Coming ahead: hotel slowdown
The hotel industry’s three-year boom may have peaked, tourism officials say.
The industry as a whole has enjoyed steeply rising room prices and high occupancy but one indication recently was that Marriott International cut back on its business forecast for the rest of the year.
“Despite a double-digit year-over-year growth in income, shares of the Bethesda, Md.-based company — and those of some competitors — fell even as stock indexes rose to record highs. Investors appear to react to Marriott’s scaling back of expectations for 2007,” said Reuters.
Resurgent demand from business travelers starting in 2004 after the post-9/11 travel slump ushered in a boom for the hotel industry. But travelers have been showing resistance to room rate increases.

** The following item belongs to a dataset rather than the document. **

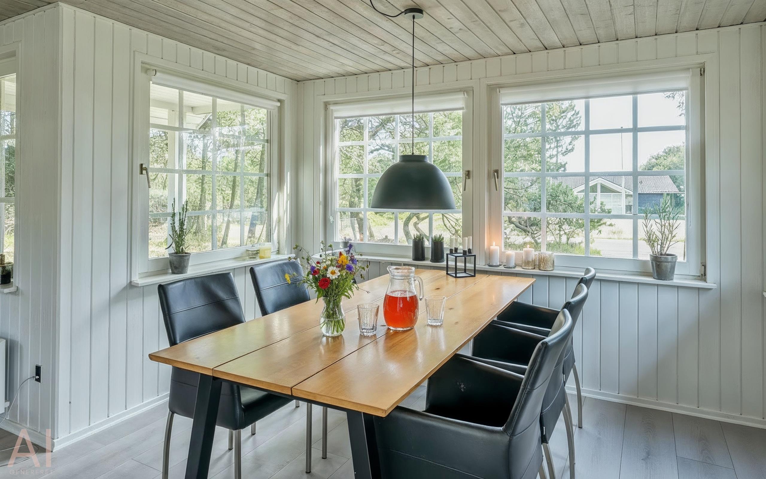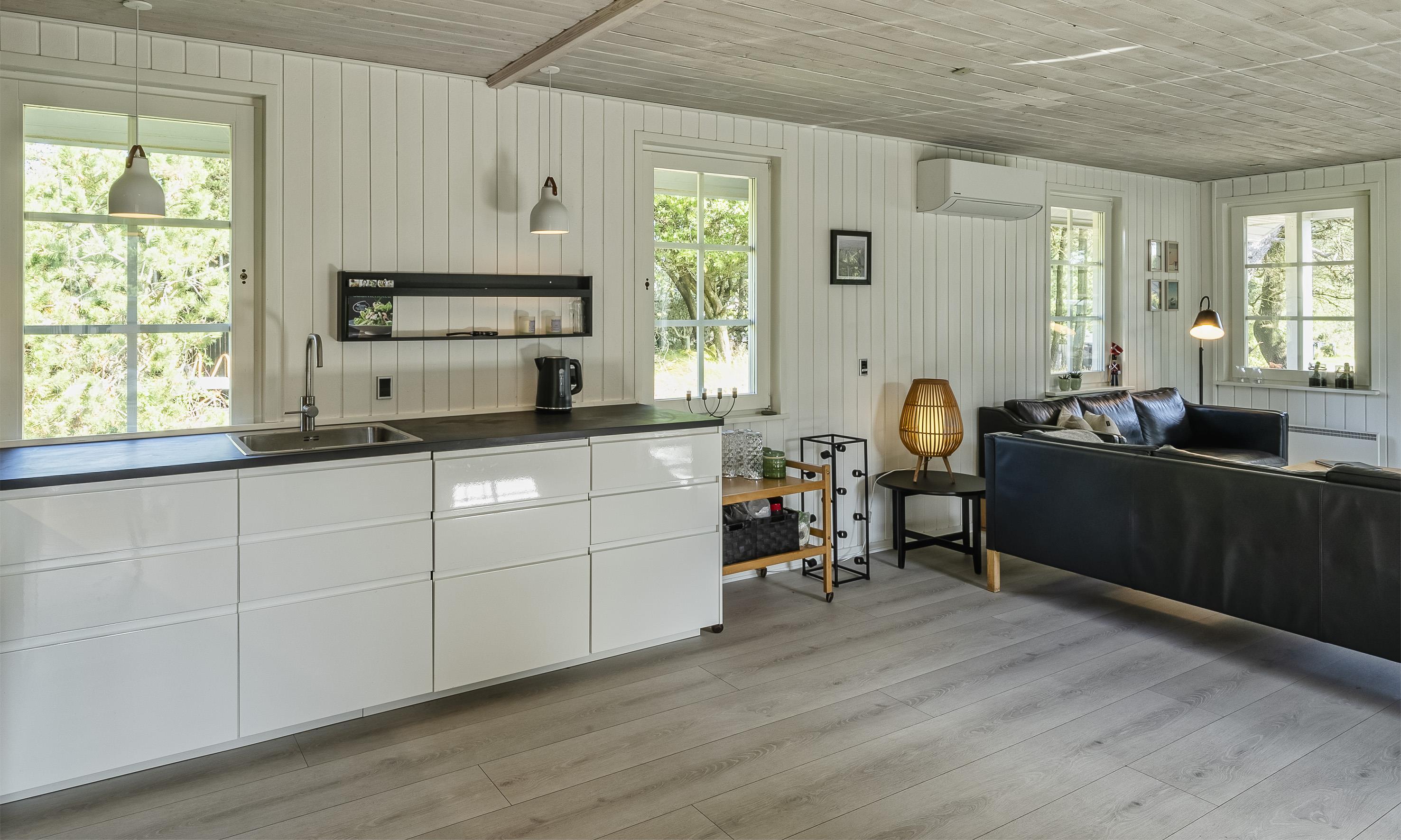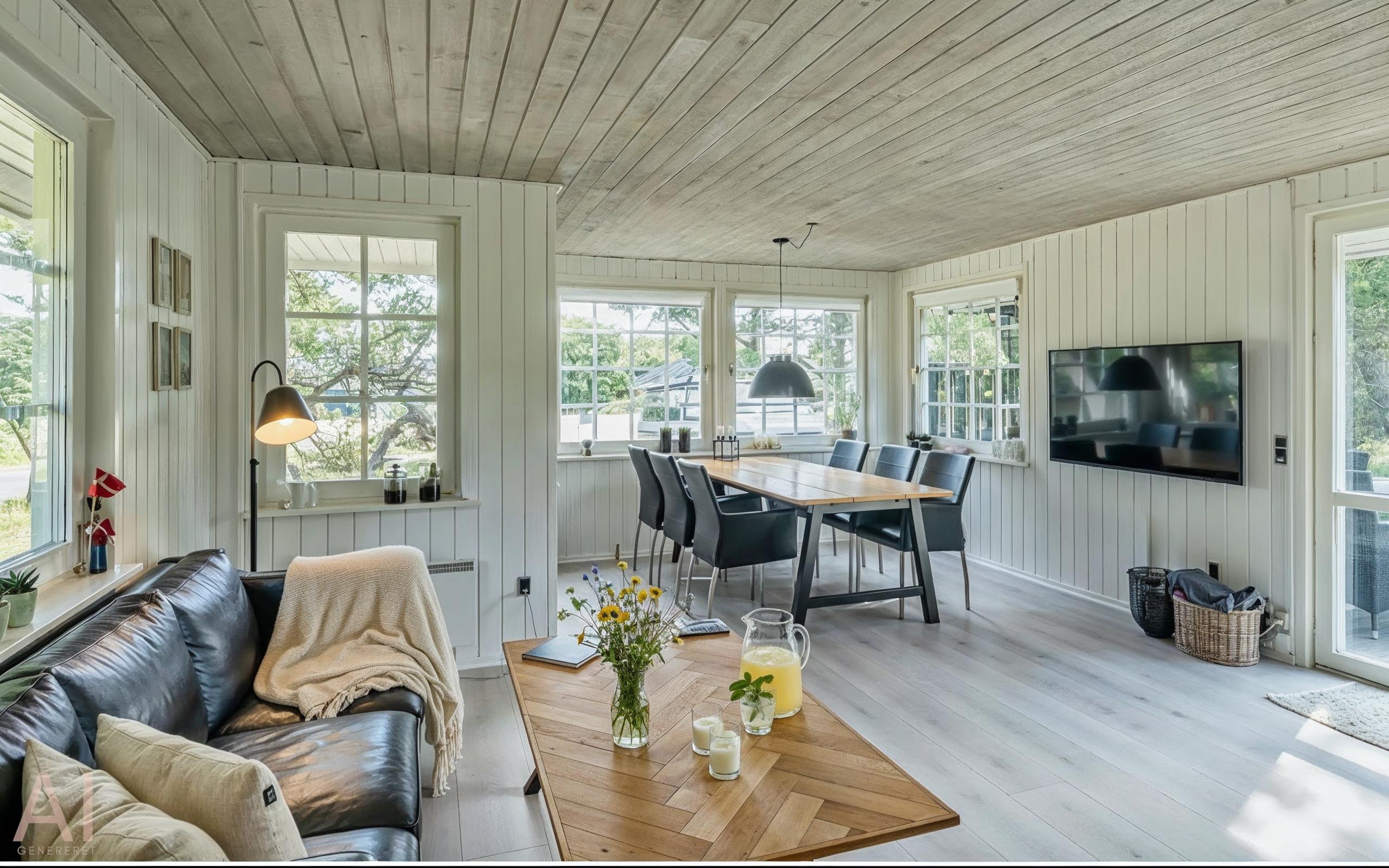 Sommerhuset, der blev totalrenoveret i 2020, er perfekt til en lille familie eller et par. Rundt om huset er der flere gode terrasser og lækroge.

Wall Street analysts have been warning in the past few months that the growth rate for the hotel business can be expected to slow.
“We’re now going to see a slow, moderate and healthy growth,” said Sean P. Smith, an analyst at Zacks Investment Research.
According to industry tracker Smith Travel Research, occupancy industry-wide will decline only slightly this year from 2006. The average daily rate in 2007 will be 6% higher than 2006, according to Smith Travel. That compares with 7.2% annual growth last year.
But even with a slowdown, travelers shouldn’t expect deep discounts, says Bjorn Hanson, an analyst for PricewaterhouseCoopers.